Failure to Prevent Accident Hazards and Ensure Safe Supervision for High-Risk Residents
Penalty
Summary
The facility failed to ensure that accident hazards were minimized and that adequate supervision and assistance were provided to prevent accidents for two residents identified as being at high risk for falls. One resident, who was cognitively intact and had diagnoses including heart failure, arthritis, and chronic obstructive pulmonary disease, required supervision or assistance for mobility and transfers. Despite being assessed as high risk for falls and having a care plan specifying the need for safe transfer and supervision, this resident was observed being transported by a nursing assistant while seated on a four-wheeled walker, which was used as a transportation device against manufacturer warnings.

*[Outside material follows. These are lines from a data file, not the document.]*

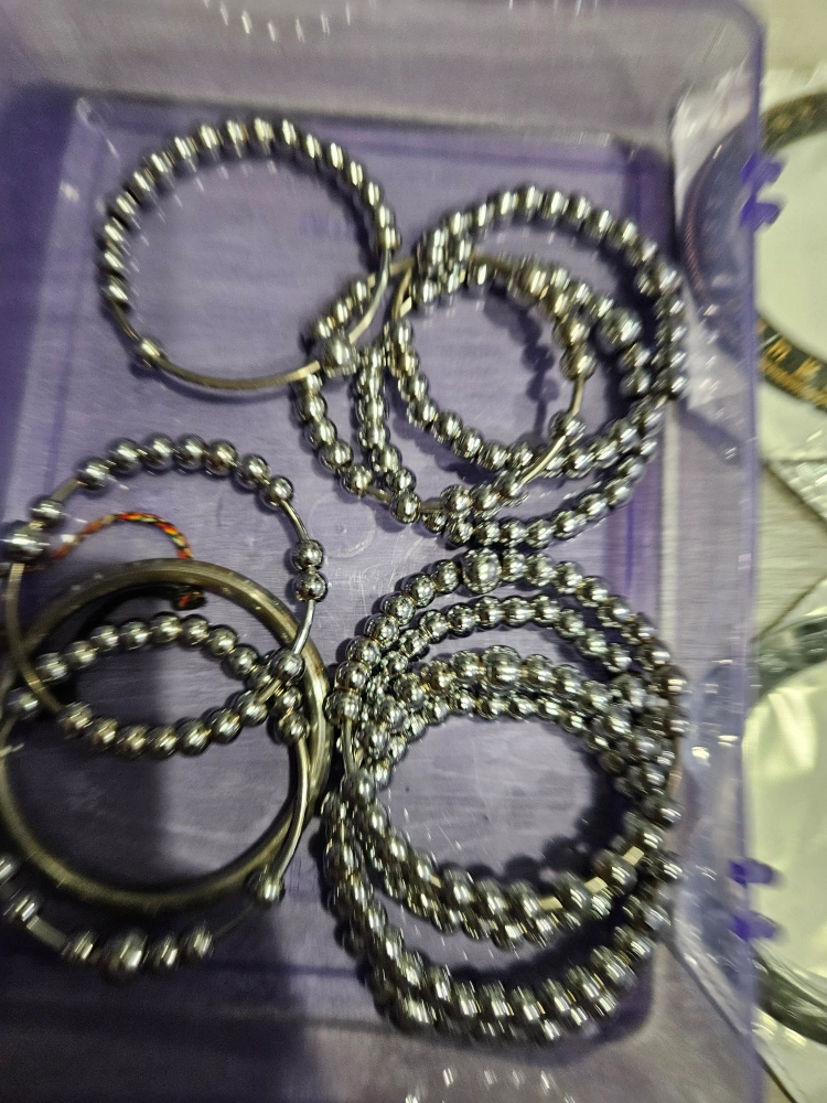 Collection of metal bangles, some plain and some beaded. Also includes several watch bezels, various styles and colours. serbloh
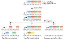 - subfonctionnalisation : si le gène originel avait deux "fonctions", l'un des deux gènes dupliqués peut perdre l'une des fonctions, et l'autre gène perdre la fonction complémentaire. Ainsi l'organisme est-il capable d'assurer les deux fonctions, mais elles sont alors assurées par deux protéines différentes. Cette subfonctionnalisation peut être sélectionnée, notamment si les deux fonctions présentent une certaine incompatibilité (expression dans des tissus différents, par exemple) ;
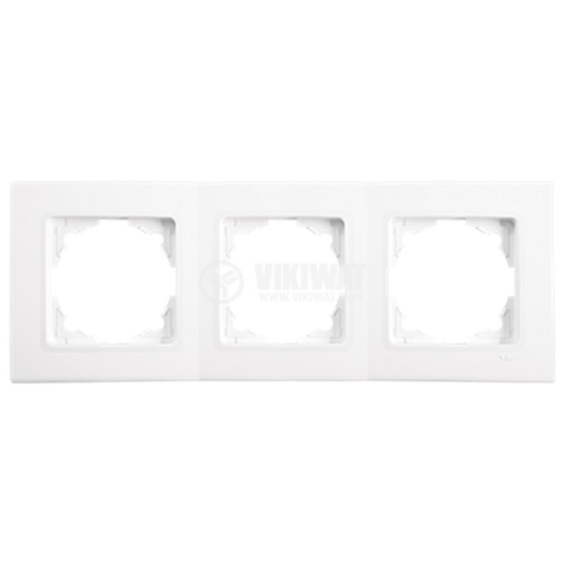 3-gang decorative frame in white color for power wall sockets and wall light switches Linnera life, Viko by Panasonic. This frame can be easily combined with electrical sockets and switches in different colors from the same serie. 91480003
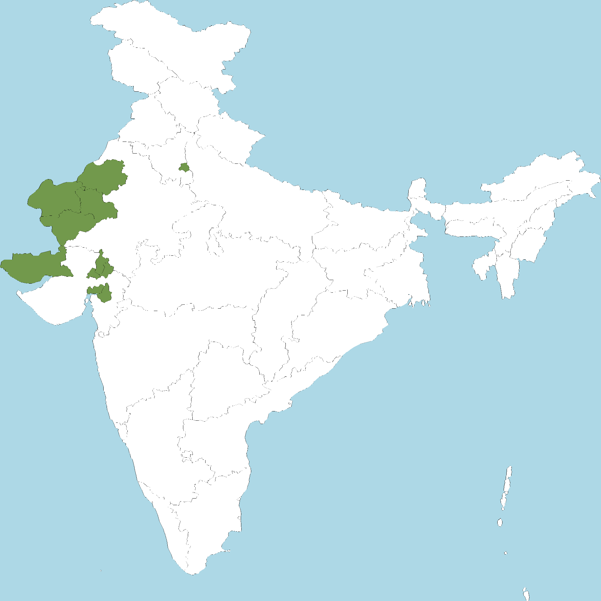 • Rajasthan : Jaisalmer district, Barmer district, Bikaner district, Jodhpur district
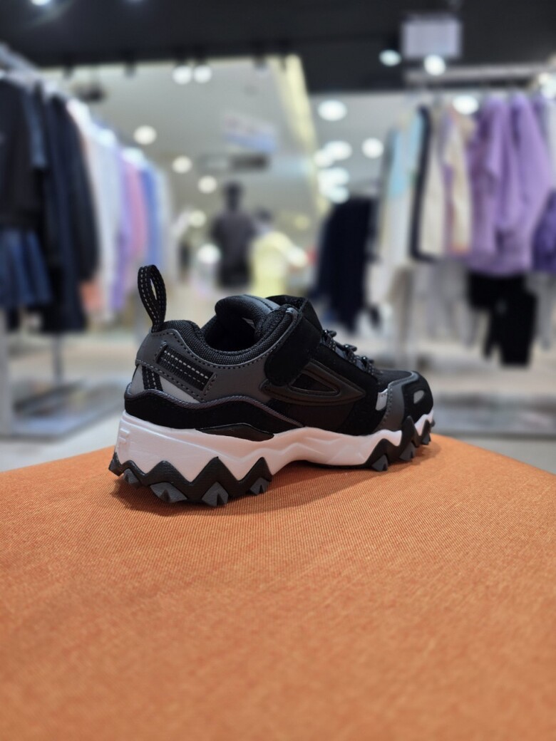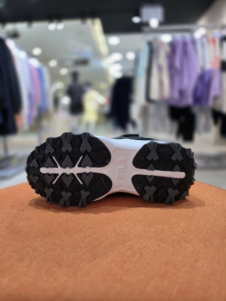 - 트레킹화를 연상시키는 과감한 아웃솔과 복잡한 패턴의 갑피 디자인의 조화가 돋보이는 제품
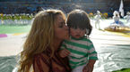 [OSEN=사진팀] 14일(한국시간) 오전 브라질 리우 데 자네이루의 마라카낭 경기장에서 '2014 브라질 월드컵' 결승전 독일과 아르헨티나의 경기가 열렸다. 폐막식 무대에 오르는 샤키라가 아들에게 볼키스를 하고 있다. 리오넬 메시(
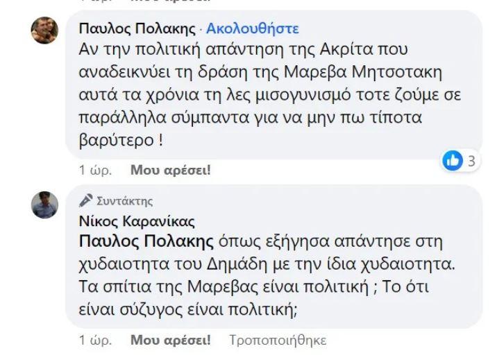 Μετά την τοποθέτηση αυτή του Νίκου Καρανίκα, ο κ. Πολάκης απάντησε εκ νέου γράφοντας «αν την πολιτική απάντηση της Ακρίτα που αναδεικνύει τη δράση της Μαρεβα Μητσοτακη αυτά τα χρόνια τη λες μισογυνισμό τοτε ζούμε σε παράλληλα σύμπαντα για να μην πω τίποτα βαρύτερο!».

The nursing assistant admitted to routinely transporting the resident in this manner and was unaware that this practice was unsafe and not permitted. Another resident, who had severe cognitive impairment and required extensive assistance with activities of daily living, had a history of multiple falls in the facility. The resident's care plan included specific interventions such as ensuring the walker was within reach at all times to prevent self-transfers and falls. However, during multiple observations, the resident's walker was found out of reach, positioned several feet away from the resident while seated in a recliner. Staff interviews confirmed that the walker should have been within reach, and the resident was at continued risk for falls due to this oversight. Facility policies required individualized fall risk assessments and implementation of care plan interventions to minimize fall risk, as well as safe handling and transfer procedures. Despite these policies, the facility did not consistently implement or monitor the required interventions for residents at high risk for falls, resulting in unsafe practices and failure to provide adequate supervision and accident prevention.